Hypothesis: The use of polymer-based surfactants in the double-emulsion (water/oil/water, W/O/W) solventevaporation
technique is becoming a widespread strategy for preparing biocompatible and biodegradable
polymeric nanoparticles (NPs) loaded with biomolecules of interest in biomedicine, or biotechnology. This
approach enhances the stability of the NPs, reduces their size and recognition by the mononuclear phagocytic
system, and protects the encapsulated biomolecule against losing biological activity. Different protocols to add
the surfactant during the synthesis lead to different NP colloidal properties and biological activity.

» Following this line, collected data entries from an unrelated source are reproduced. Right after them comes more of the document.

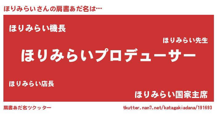 | 男性向けラノベタイトル風あだ名 | 『ほりみらいに滅ぼされるだけの簡単なお仕事です』 |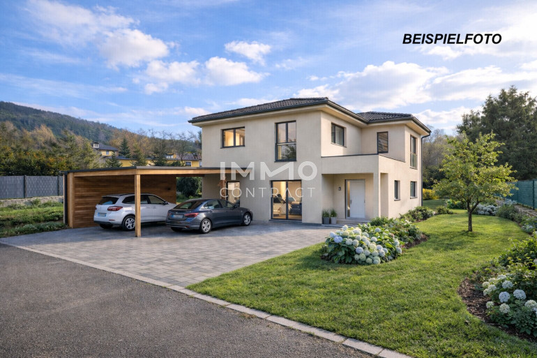 Hinweis gemäß Bebauungsvorschriften der Gemeinde Wolfsgraben: Bei offener oder gekuppelter Bauweise ist eine Bebauung in der Bauklasse I–II vorgesehen, wobei eine Mindestgrundstücksgröße von 700 m² sowie eine Mindestbreite von 16 m einzuhalten sind. Die straßenseitige Gebäudefront darf eine Gesamtlänge von maximal 20 m nicht überschreiten, wodurch eine maßvolle und ortsbildgerechte Bebauung sichergestellt wird. Pro Wohneinheit sind zwei KFZ-Stellplätze herzustellen. Garagen und Carports sind unter Berücksichtigung der geltenden Vorgaben zulässig. Die konkrete Bebauung hat entsprechend dem jeweils gültigen Flächenwidmungs- und Bebauungsplan sowie vorbehaltlich der erforderlichen behördlichen Genehmigungen zu erfolgen.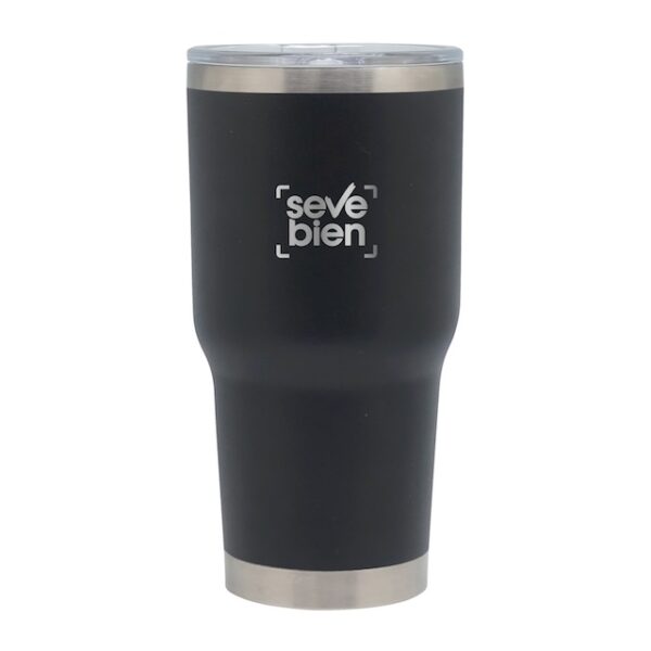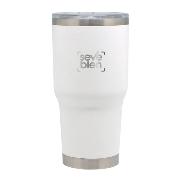 Ø 10 x 20 cm. Capacidad 850 ml. Acero Inoxidable. Mug doble pared, interior en acero 304 y exterior en acero 201. Pintura Powder Coat (pintura mas duradera y resistente a la corrosión y el paso del tiempo). Tapa plástica transparente a presión con cierre antiderrame. Mantiene las bebidas frías o calientes por más tiempo. Presentación en caja de regalo.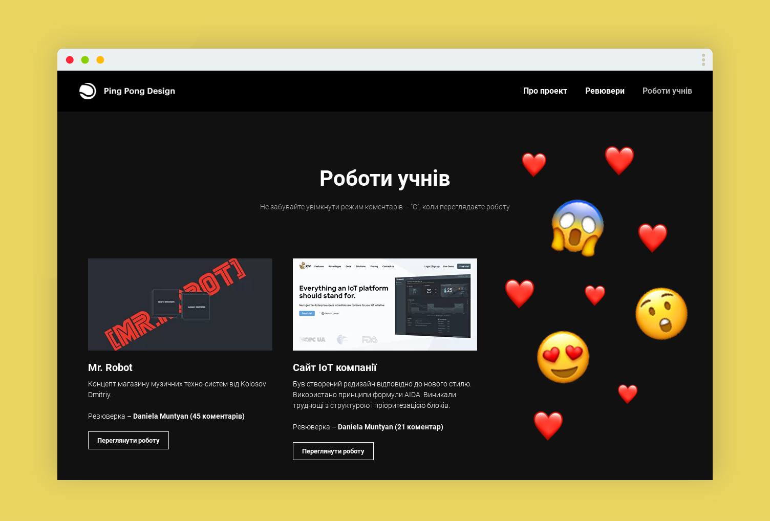 «Коли я розвивався, як UX/UI дизайнер, щоб отримати фідбек, потрібно було йти на курси. Про таку платформу як Ping Pong Design міг тільки мріяти», – пише про свою мотивацію засновник платформи Сергій Малєй.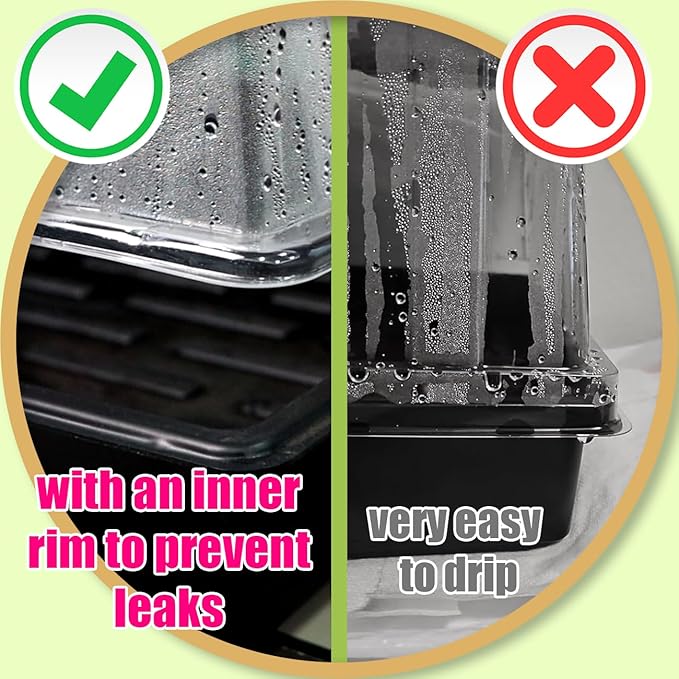 - 【4'' Drip-proof Dome】Say goodbye to messy condensation! Our dome is expertly designed to channel water back into the seed tray, so you’ll never have to deal with leaks or spills. The tall, transparent dome provides ample space for seedlings to thrive for weeks, while the adjustable air vents allow you to control airflow effortlessly. Plus, the clear design ensures maximum light penetration and a clear view of your growing plants.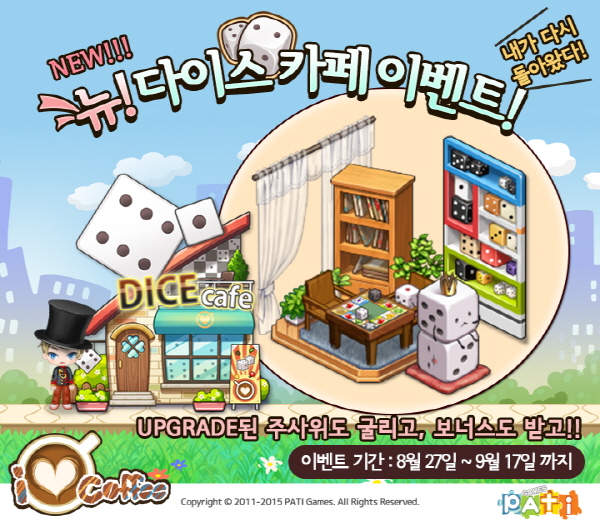 ...한편, 파티게임즈는 '뉴 다이스 카페' 이벤트를 기념해 '내추럴 힐링' '과자나라' '체리블로썸' 테마의행운상자를 추가했다. 또한 오는 9월 10일까지 행운상자의 희귀 아이템 획득 확률을 5배 상향 조절하는 이벤트를 실시한다. [조상현 기자 neulpeum@chosun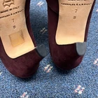 Elevate your ensemble with the Loeffler Randall classic pump, a perfect blend of sophistication and comfort. Crafted in Italy, these burgundy heels feature a luxurious suede upper with a sleek patent finish, offering a polished look for any occasion. With a 3-3.9 inch heel height, these pumps provide a graceful lift that's ideal for both formal events and office wear. The pointed toe design and slip-on style ensure a seamless fit and effortless wearability, making these shoes a versatile addition to your wardrobe. Available in a size 7B, they are tailored to fit the discerning woman who values both style and quality in her footwear repertoire.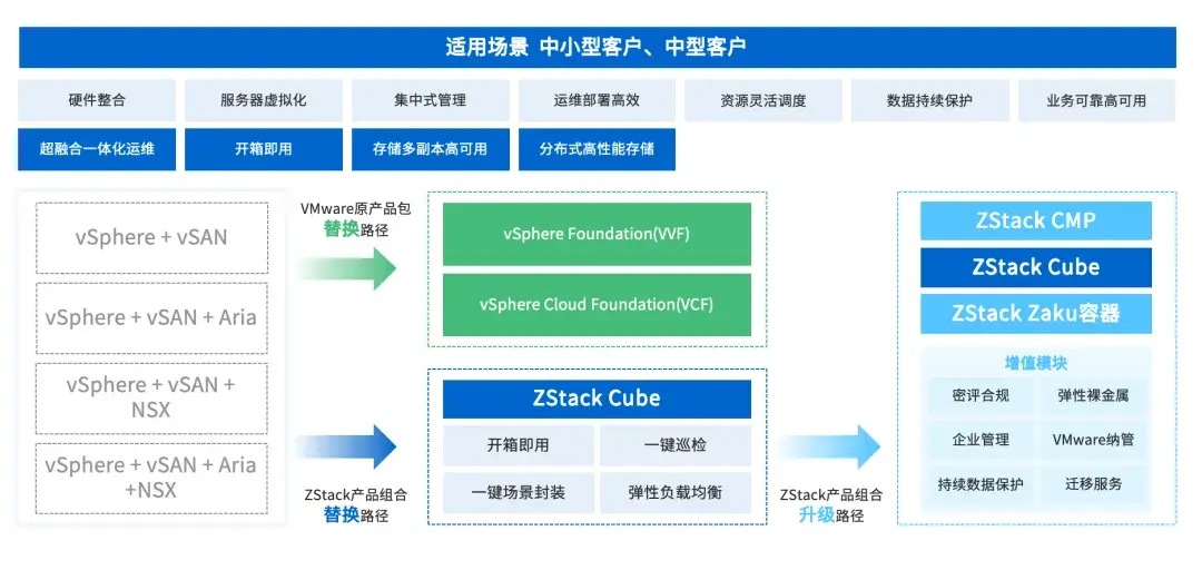 对于部分中小企业和中型企业用户,如果采用的是vSphere+vSAN或者vSphere+vSAN+NSX+Aria,VMware为这部分用户推荐的订阅包主要是VVF(vSphere Foundation)和VCF(vSphere Cloud Foundation)两种订阅包。如果这部分用户选择VMware替代方案,可以采用ZStack Cube超融合一体机。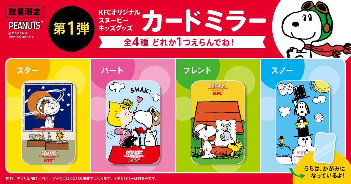 ケンタッキーフライドチキンに、様々な「スヌーピー」の“変装”が楽しめるオリジナルグッズが登場!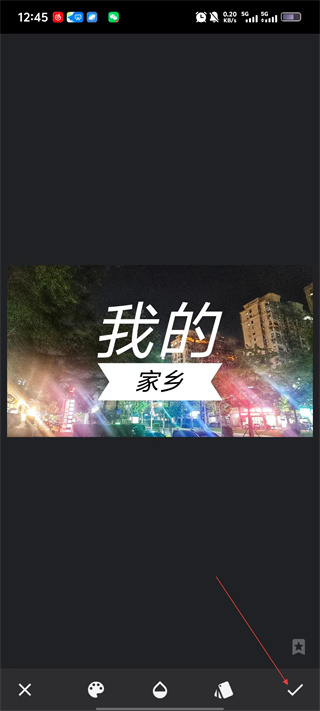 4、修改文本内容后,点击界面右下角的对勾按钮,即可确认文本编辑,完成图片的文字添加操作。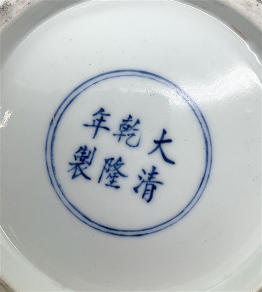 Recante marchio Qianlong apocrifo in blu sotto la base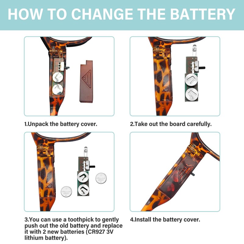 - [Magnifying Glasses with Light] The magnifying glass for reading with lightweight plastic frames flexible spring hinges and temples, and an ergonomic design, can reduce the pressure on the nose. Suitable for long-time wearing. Lighted reading glasses built-in LED bright lights help you to have clear vision with or without the lights.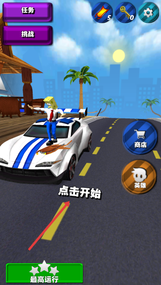 3、挑战任务:通过跑酷、驾驶,完成“任务”“挑战”,利用“商店”“英雄”系统升级,追求“最高运行”记录。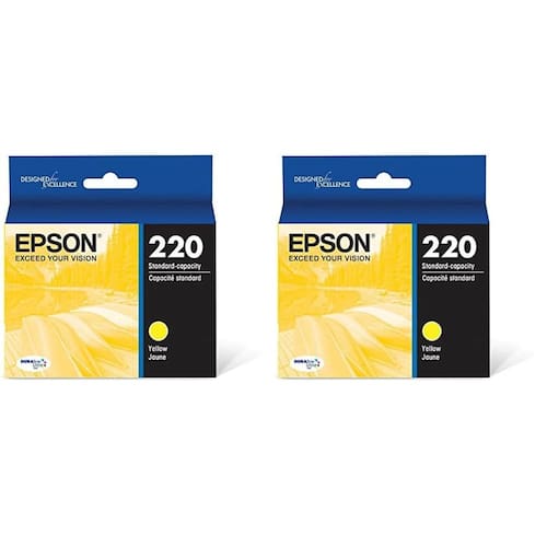 Epson Cartucho amarelo de capacidade padrão 220 DURABrite Ultra Ink (T220420-S) Funciona com Workforce WF-2630, WF-2650, WF-2660, WF-2750, WF-2760, Expression XP-320, XP-420, XP-424 (pacote com 2) - As informações abaixo são apenas por pacote - Manuseio sem preocupações — impressões resistentes a manchas, desbotamento e água - Cartuchos de tinta individuais convenientes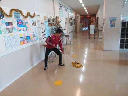 生徒が下校した後、廊下を掃除しました。明日は新2年生です。会えるのを楽しみにしています。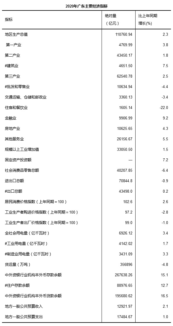 1月24日,廣東省統計局發布數據,2020年廣東省地區生產總值110760.94億元,同比增長2.3%。全年經濟總量超11萬億元,連續32年居全國首位,同比增速與全國同步。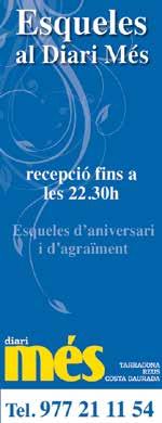 TARRAGONA Carrer Manuel de Falla, 12 Baixos 977 21 11 54 REUS Carrer Llovera, 18. 1r. 1a. 977 32 78 43 www.diarimes.com EXPOSICIÓ Av Verge Montserrat, 28 Cambrils Tel. 977 360 877 · Portes · Finestres d’alumini i PVC · Persianes · Mampares · Mosquiteres Més de 30 anys d’experiència ens avalen www.aluminismorell.com Prat de la Riba, 10. Tarragona Tel. 620 474 207 4.000€ de subvenció fins a Bene cia’t de l’ajut Europeu pel canvi de nestres Abans del 30/11/23 FINANCIACIÓ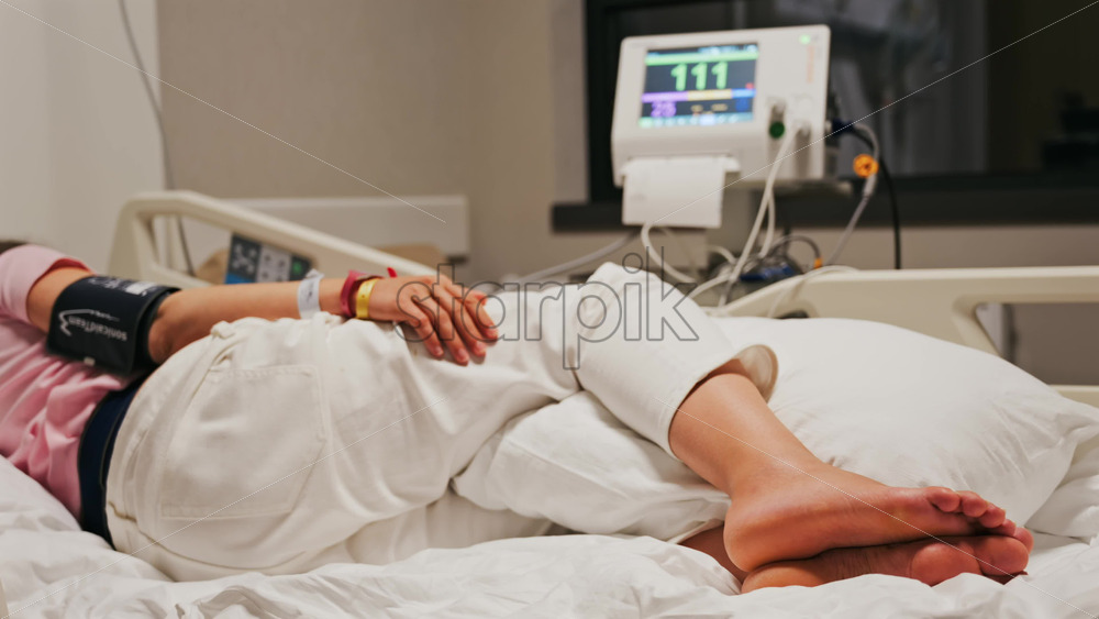 Close-up of a fetal monitor in a doctor’s office, displaying fetal heart rate and uterine contraction data during a prenatal check-up with a blurred view of a pregnant woman lying in a hospital bed Royalty Free Stock Video Footage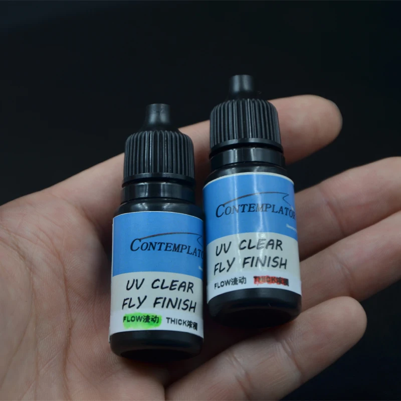 Atado de moscas, 2 botellas, pegamento grueso con acabado transparente UV, atado de moscas, curado instantáneo, pegamento de resina UV, secado rápido, accesorios de pesca con mosca

Experiments: We develop an in vitro model to mimic the first step of the W/O/W NP synthesis method, which
enables us to analyze the surfactant-biomolecule interaction at the O/W interface. We compare the interfacial
properties when the surfactant is added from the aqueous or the organic phase, and the effect of pH of the
biomolecule solution. We work with a widely used biocompatible surfactant (Pluronic F68), and lysozyme,
reported as a protein model.
Findings: The surfactant, when added from the water phase, displaces the protein from the interface, hence
protecting the biomolecule. This could explain the improved colloidal stability of NPs, and the higher biological
activity of the lysozyme released from nanoparticles found with the counterpart preparation.